Import Python packages that are used for the analysis.

[1]:

import datacube
from datacube.utils import cog
from datetime import datetime
from datetime import timedelta
import pandas as pd
import xarray as xr
import numpy as np
import matplotlib.pyplot as plt

import sys
sys.path.insert(1, '../Tools/')
from dea_tools.datahandling import load_ard
from dea_tools.plotting import rgb, display_map
from dea_tools.bandindices import calculate_indices
from dea_tools.dask import create_local_dask_cluster

# Create local dask cluster to improve data load time
client = create_local_dask_cluster(return_client=True)

Client

Client-28a5125b-acca-11ed-97f7-e6b86833bc06

Connection method: Cluster object Cluster type: distributed.LocalCluster
Dashboard: /user/robbi.bishoptaylor@ga.gov.au/proxy/8787/status

Cluster Info

Connect to the datacube

Connect to the datacube so we can access DEA data. The app parameter is a unique name for the analysis which is based on the notebook file name.

[2]:

dc = datacube.Datacube(app="Burnt_area_mapping")

Select location

The selected latitude and longitude will be displayed as a red box on the map below the next cell. This map can be used to find coordinates of other places, simply scroll and click on any point on the map to display the latitude and longitude of that location.

[3]:

# Set the central latitude and longitude
central_lat = -35.653031
central_lon = 150.231667

# Set the buffer to load around the central coordinates
buffer = 0.07

# Compute the bounding box for the study area
study_area_lat = (central_lat - buffer, central_lat + buffer)
study_area_lon = (central_lon - buffer, central_lon + buffer)

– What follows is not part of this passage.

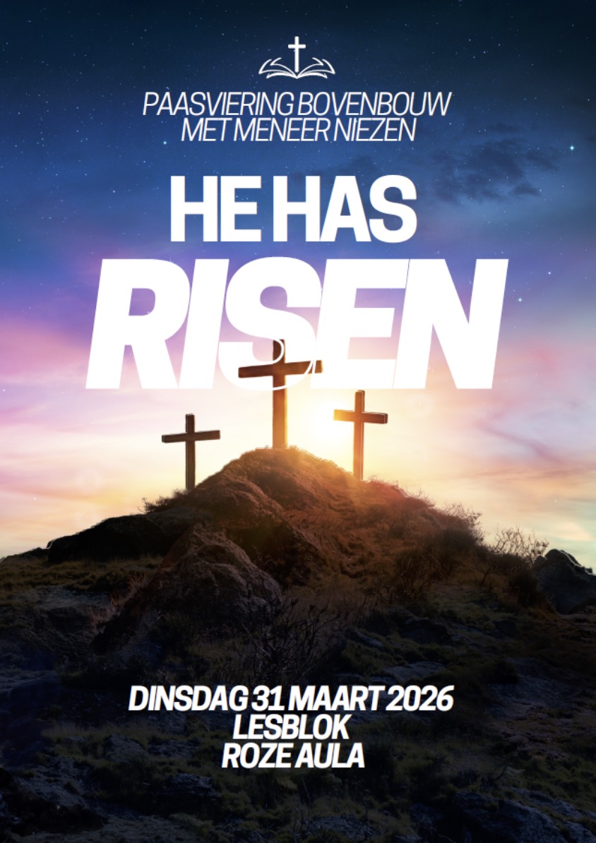 Deze spreker is bekend met onze leerlingen en met het spreken voor groepen. Arjen zal op een creatieve wijze het paasevangelie delen.

display_map(x=study_area_lon, y=study_area_lat, margin=-0.2)

[3]:
Make this Notebook Trusted to load map: File -> Trust Notebook

Define fire event date and length of composite image

Delta Normalized Burn Ratio produces the best result when using a post-fire image that was collected before much re-growth has occured. However, images collected while the fire is still active can be obscured by smoke and not show the full burn extent. As a result some adjustment of the fire event date entered may be needed to get the best result.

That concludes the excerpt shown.